A total of 158 patients were enrolled in this open-label multicentre study. Eligible patients had to have at least two ocular symptoms, or one sign and one symptom, during treatment with latanoprost. At baseline, the patients were directly switched from latanoprost to preservative-free tafluprost for 12 weeks. The patients were queried for ocular symptoms, and ocular signs were assessed by using tear break-up time, Schirmer's test, fluorescein staining and evaluation of conjunctival hyperaemia and blepharitis. In addition, HLA-DR and MUC5AC in conjunctival impression cytology specimens were analyzed, and a drop discomfort/quality of life (QoL) questionnaire was employed. IOP was measured at all visits.
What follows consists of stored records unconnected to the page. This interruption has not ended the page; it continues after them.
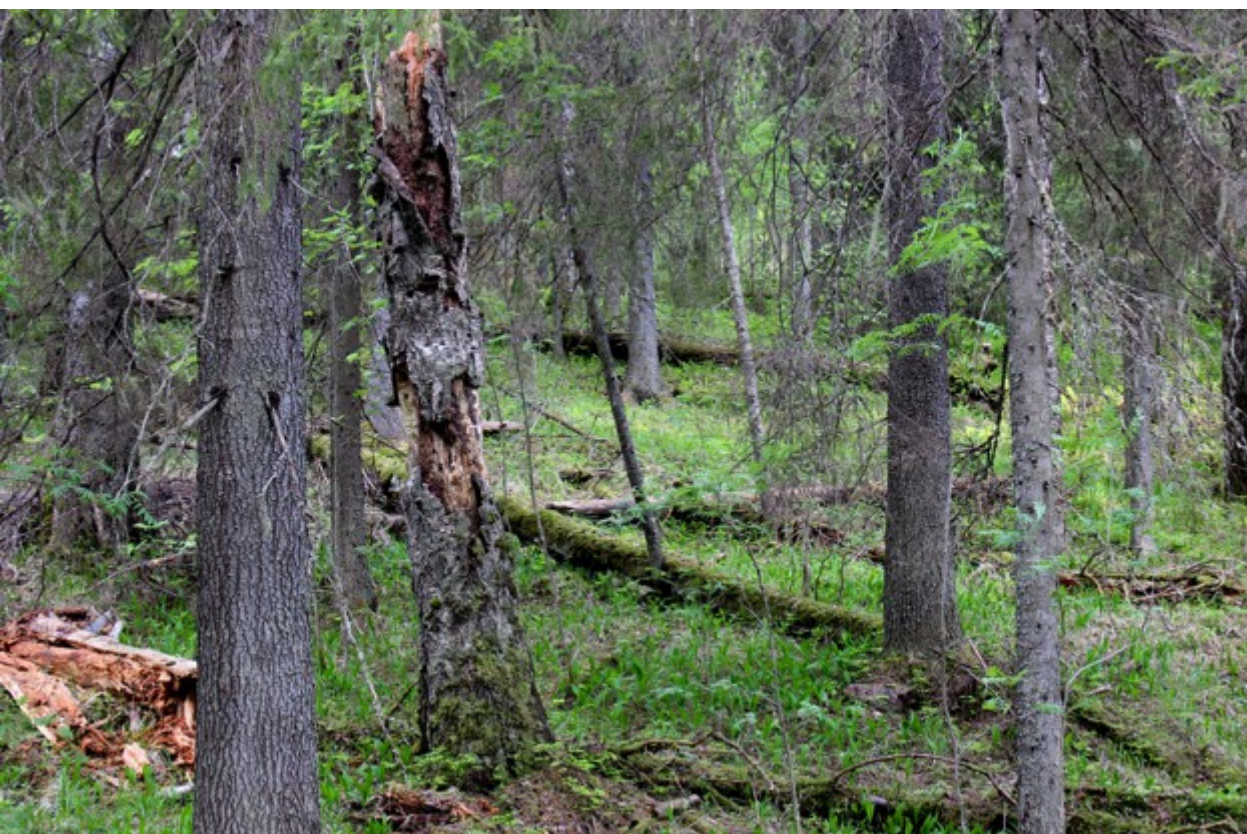
The loggings are made in the planned protected area "Vachozero" which is of high conservation value.
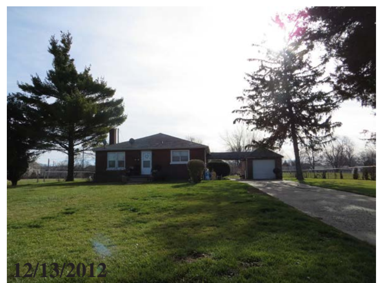
3) Single family rental property at 1205 W Bradley Avenue
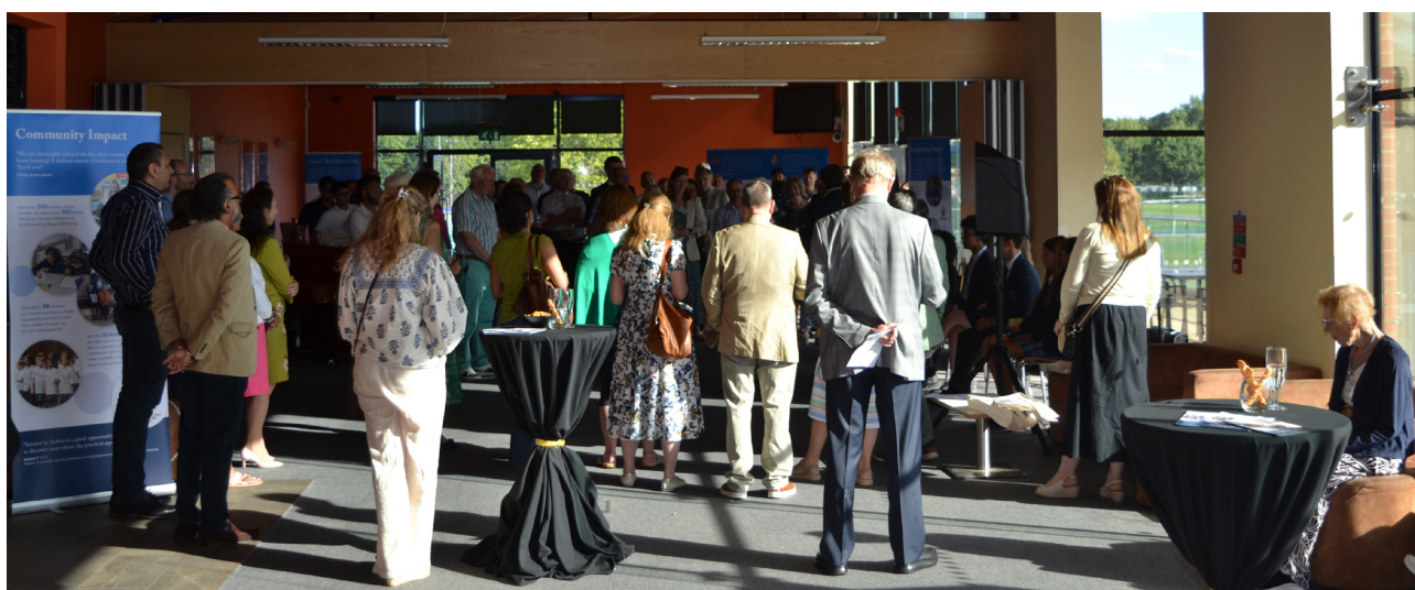
Guests gather round to hear from our student panel at the Donor Impact Drinks Reception

and compassion; the bursary recipients whose lives have been transformed through the gift of education; the young musicians who have opportunities they might never have even considered previously, thanks to philanthropy; or the young men and women whose student experience was shaped by the inspirational facilities they have been able to study in, thanks to people like you. None of those stories would have happened without each and every one of our generous donors. Whether you have given £10, £10,000 or even more, your gift will make a difference to future generations of Foundation students, and we are so grateful to you all for your support. Thank you.
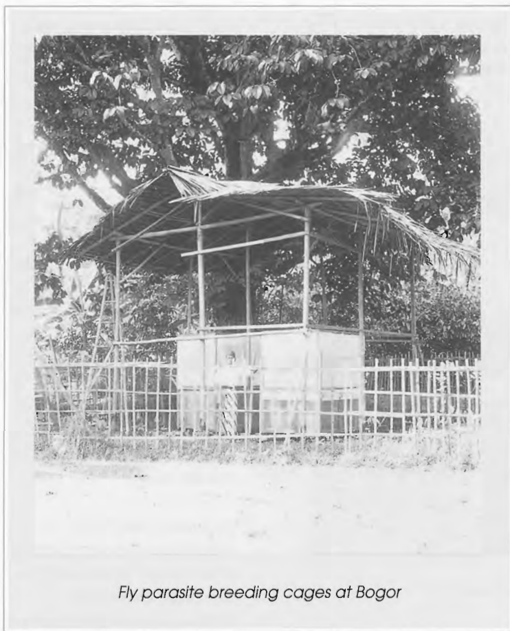
Fly parasite breeding cages at Bogor
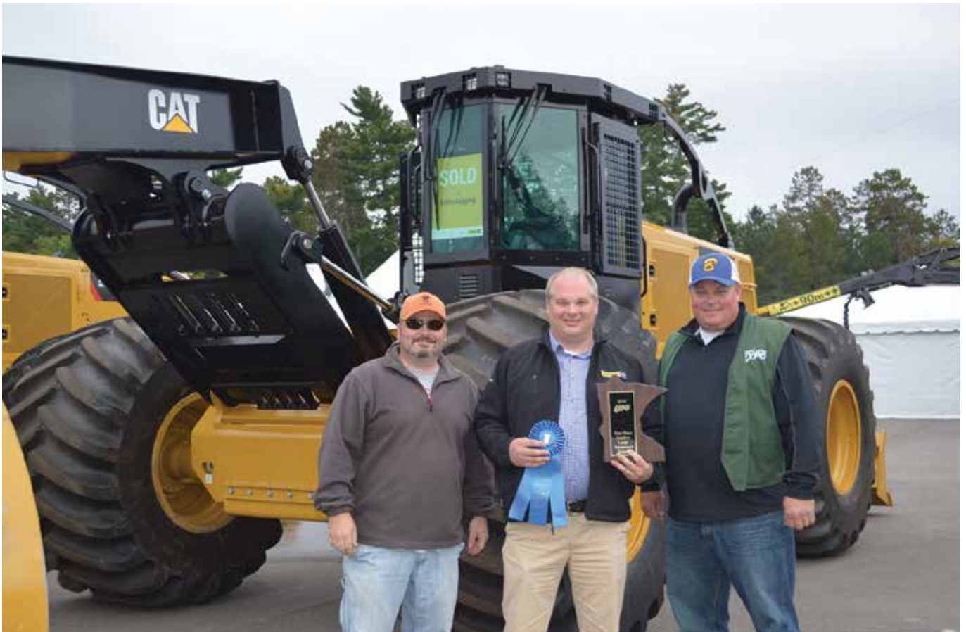
Expo vendors put a lot of time and effort into making sure their displays look their best. Last year, Ziegler Cat received the blue ribbon in the Best Large Equipment division.

The Coloring Contest will take place this year as well. In the last
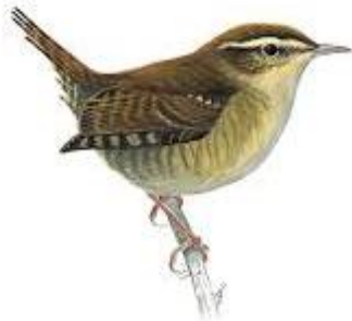
Wren Class Nursery Session 8.45-11.45am

Children who attend the Nursery classroom in the mornings will be known as Wren class. Children who attend the Nursery classroom in the afternoon will be known as Sparrow class.
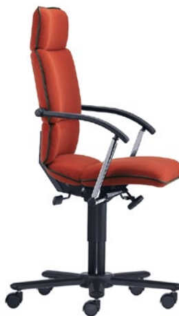
T-C8-A-D1-S active pelvic support height adjustable armrests shoulder support LS steel black
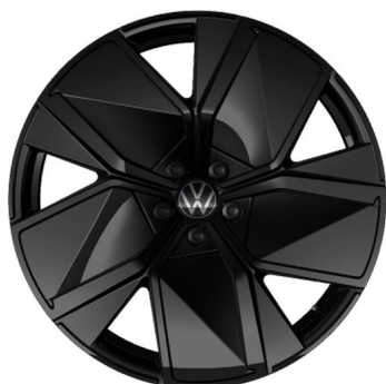
OPTIONAL ON R LINE & R EHYBRID 21" Leeds Alloys 'Black' Leeds 9.5 J x 21 in black, tires 285/40 R 21 PJ6
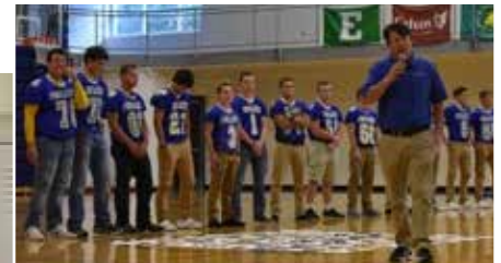
Above is the senior class on Blue & Gold day.
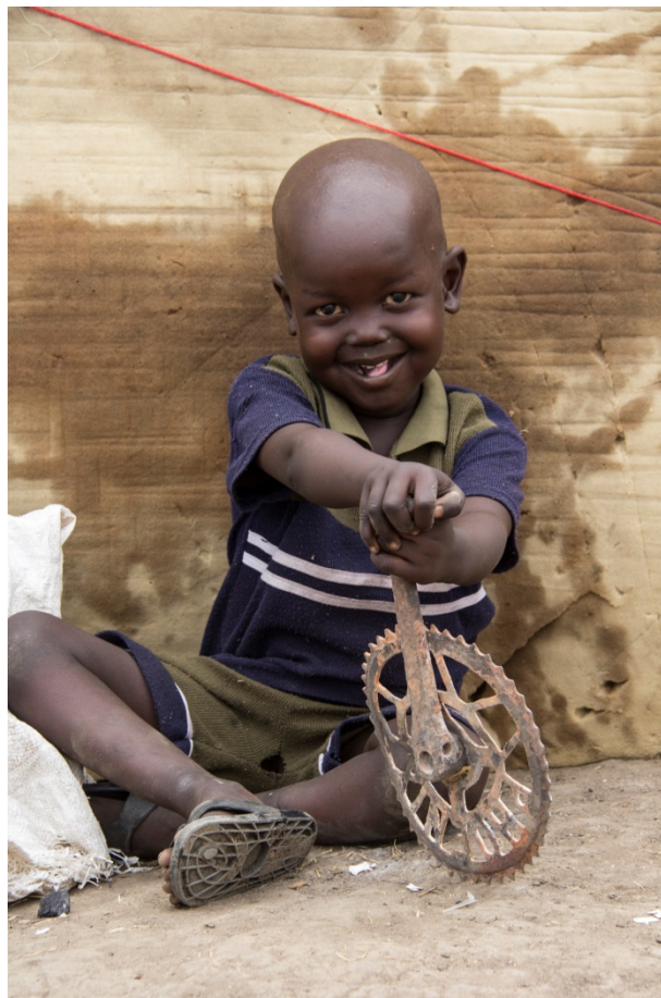
Displaced boy at the UN mission near Juba airport.
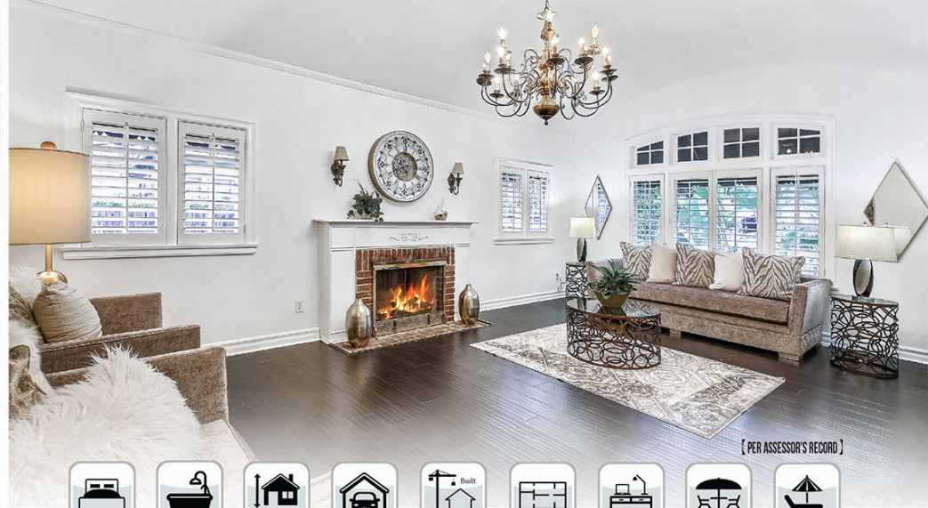
(PER ASSESSOR'S RECORD)

Preservative-free tafluprost maintained IOP at the same level after 12- weeks treatment (16.4 +/- 2.7 mmHg) as latanoprost at baseline (16.8 +/- 2.5 mmHg). During treatment with preservative-free tafluprost, the number of patients having irritation/burning/stinging (56.3%), itching (46.8%), foreign body sensation (49.4%), tearing (55.1%) and dry eye sensation (64.6%) decreased to 28.4%, 26.5%, 27.1%, 27.1% and 39.4% correspondingly. The number of the patients with abnormal fluorescein staining of cornea (81.6%) and conjunctiva (84.2%), blepharitis (60.1%), conjunctival hyperaemia (84.2%) and abnormal Schirmer's test (71.5%) was also reduced significantly to 40.6%, 43.2%, 40.6%, 60.0% and 59.4% correspondingly. The tear break-up time improved significantly from 4.5 +/- 2.5 seconds to 7.8 +/- 4.9 seconds. A reduction in the number of patients with abnormal conjunctival cells based on HLA-DR and MUC5AC was also detected.
Preservative-free tafluprost maintained IOP at the same level as latanoprost, but was better tolerated in patients having signs or symptoms while on preserved latanoprost. Preservative-free tafluprost treatment resulted in improved QoL, increased patient satisfaction and drop comfort.